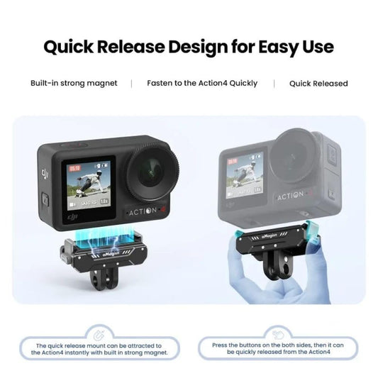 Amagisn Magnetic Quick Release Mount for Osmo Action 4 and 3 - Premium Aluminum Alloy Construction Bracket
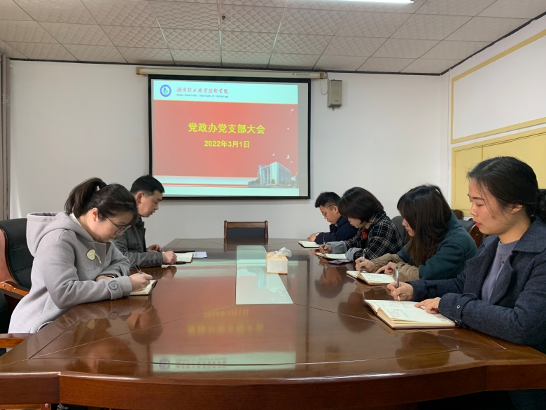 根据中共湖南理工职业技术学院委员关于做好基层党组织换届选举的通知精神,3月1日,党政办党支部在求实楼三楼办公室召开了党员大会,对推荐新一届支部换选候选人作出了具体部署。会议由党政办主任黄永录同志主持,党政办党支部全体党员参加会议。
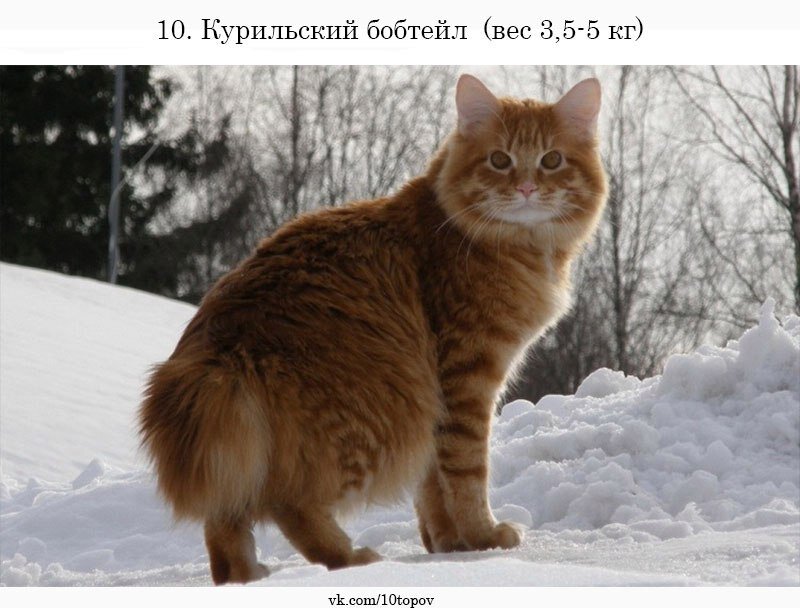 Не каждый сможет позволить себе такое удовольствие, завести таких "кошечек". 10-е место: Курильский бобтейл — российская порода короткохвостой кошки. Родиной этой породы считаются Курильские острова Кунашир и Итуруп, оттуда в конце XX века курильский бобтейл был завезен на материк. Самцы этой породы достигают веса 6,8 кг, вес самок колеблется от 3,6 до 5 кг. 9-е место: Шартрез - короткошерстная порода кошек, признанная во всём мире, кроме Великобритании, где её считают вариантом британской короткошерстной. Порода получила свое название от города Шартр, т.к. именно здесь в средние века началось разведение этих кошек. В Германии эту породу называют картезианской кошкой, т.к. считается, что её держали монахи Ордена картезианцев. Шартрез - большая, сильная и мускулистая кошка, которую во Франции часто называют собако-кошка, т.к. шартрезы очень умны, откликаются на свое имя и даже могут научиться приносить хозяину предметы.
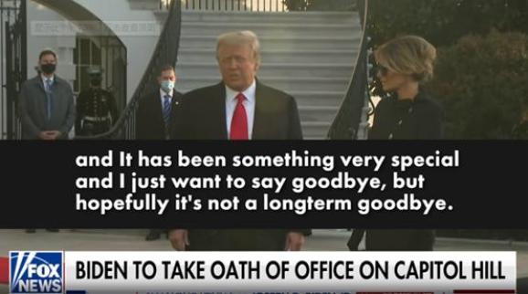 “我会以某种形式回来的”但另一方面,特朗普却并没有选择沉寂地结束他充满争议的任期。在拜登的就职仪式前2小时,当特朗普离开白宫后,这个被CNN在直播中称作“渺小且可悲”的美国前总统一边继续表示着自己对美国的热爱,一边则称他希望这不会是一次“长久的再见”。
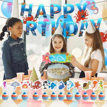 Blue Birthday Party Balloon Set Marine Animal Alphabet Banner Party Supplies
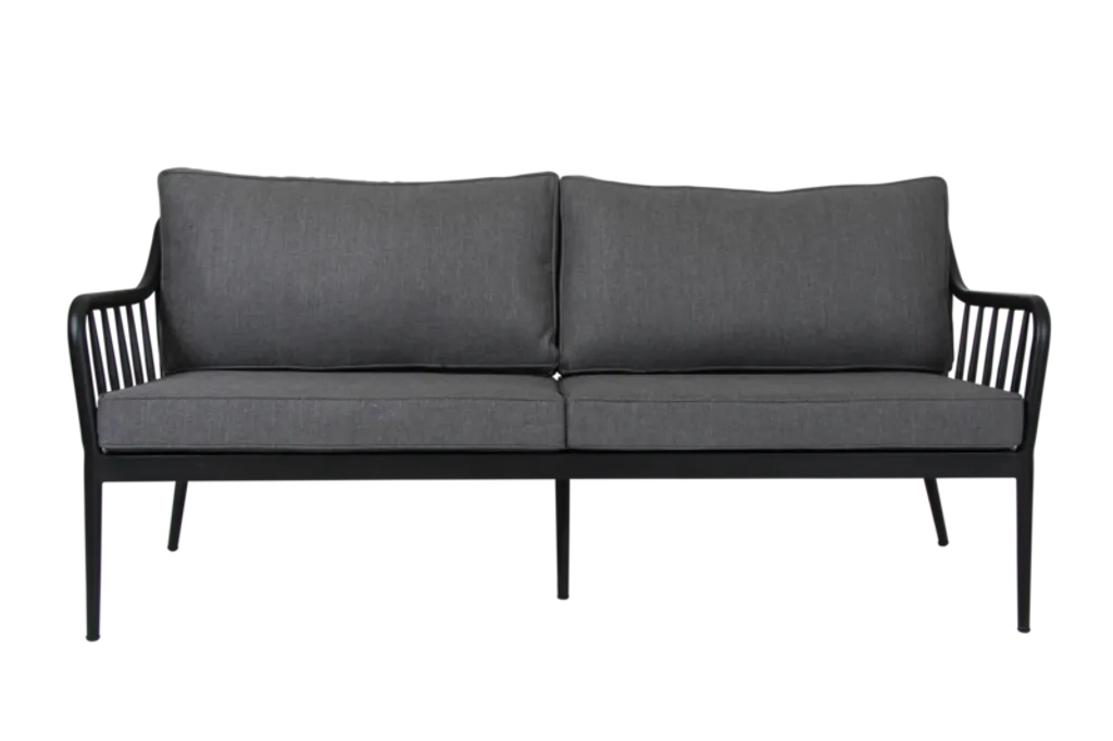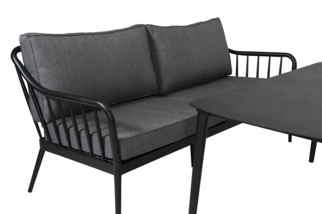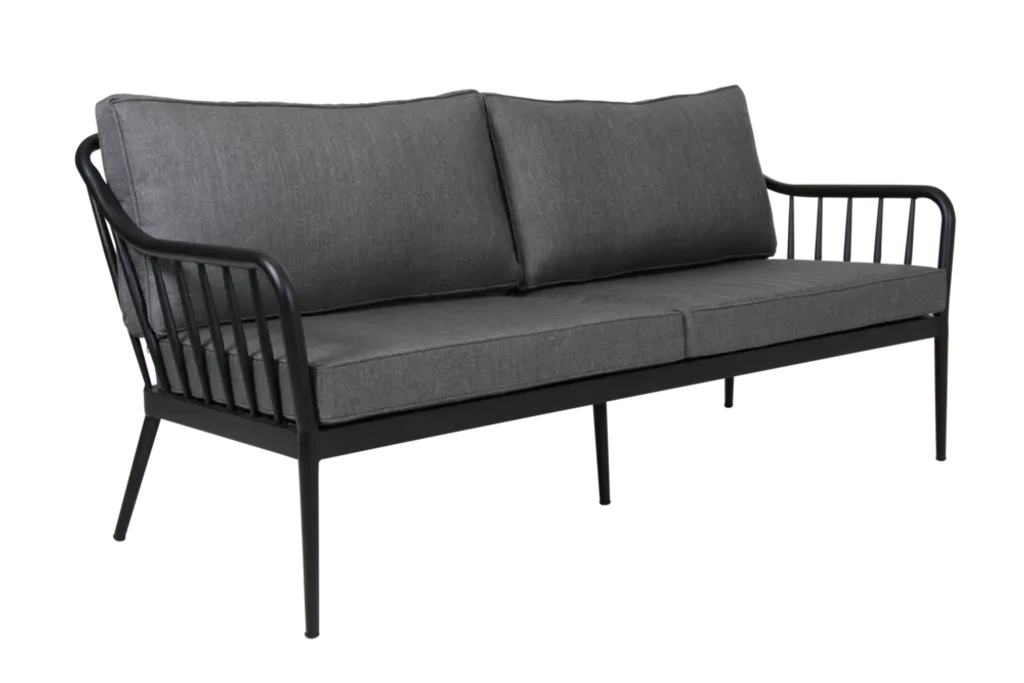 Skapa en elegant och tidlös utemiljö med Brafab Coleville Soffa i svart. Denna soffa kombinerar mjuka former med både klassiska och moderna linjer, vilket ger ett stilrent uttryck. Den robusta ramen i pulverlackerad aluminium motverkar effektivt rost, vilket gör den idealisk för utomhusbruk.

== == ==

*What you need to do*: The data must be printed exactly, image-free.

*Result of this task*:
 Amagisn Magnetic Quick Release Mount for Osmo Action 4 and 3 - Premium Aluminum Alloy Construction Bracket
 根据中共湖南理工职业技术学院委员关于做好基层党组织换届选举的通知精神,3月1日,党政办党支部在求实楼三楼办公室召开了党员大会,对推荐新一届支部换选候选人作出了具体部署。会议由党政办主任黄永录同志主持,党政办党支部全体党员参加会议。
 Не каждый сможет позволить себе такое удовольствие, завести таких "кошечек". 10-е место: Курильский бобтейл — российская порода короткохвостой кошки. Родиной этой породы считаются Курильские острова Кунашир и Итуруп, оттуда в конце XX века курильский бобтейл был завезен на материк. Самцы этой породы достигают веса 6,8 кг, вес самок колеблется от 3,6 до 5 кг. 9-е место: Шартрез - короткошерстная порода кошек, признанная во всём мире, кроме Великобритании, где её считают вариантом британской короткошерстной. Порода получила свое название от города Шартр, т.к. именно здесь в средние века началось разведение этих кошек. В Германии эту породу называют картезианской кошкой, т.к. считается, что её держали монахи Ордена картезианцев. Шартрез - большая, сильная и мускулистая кошка, которую во Франции часто называют собако-кошка, т.к. шартрезы очень умны, откликаются на свое имя и даже могут научиться приносить хозяину предметы.
 “我会以某种形式回来的”但另一方面,特朗普却并没有选择沉寂地结束他充满争议的任期。在拜登的就职仪式前2小时,当特朗普离开白宫后,这个被CNN在直播中称作“渺小且可悲”的美国前总统一边继续表示着自己对美国的热爱,一边则称他希望这不会是一次“长久的再见”。
 Blue Birthday Party Balloon Set Marine Animal Alphabet Banner Party Supplies
 Skapa en elegant och tidlös utemiljö med Brafab Coleville Soffa i svart. Denna soffa kombinerar mjuka former med både klassiska och moderna linjer, vilket ger ett stilrent uttryck. Den robusta ramen i pulverlackerad aluminium motverkar effektivt rost, vilket gör den idealisk för utomhusbruk.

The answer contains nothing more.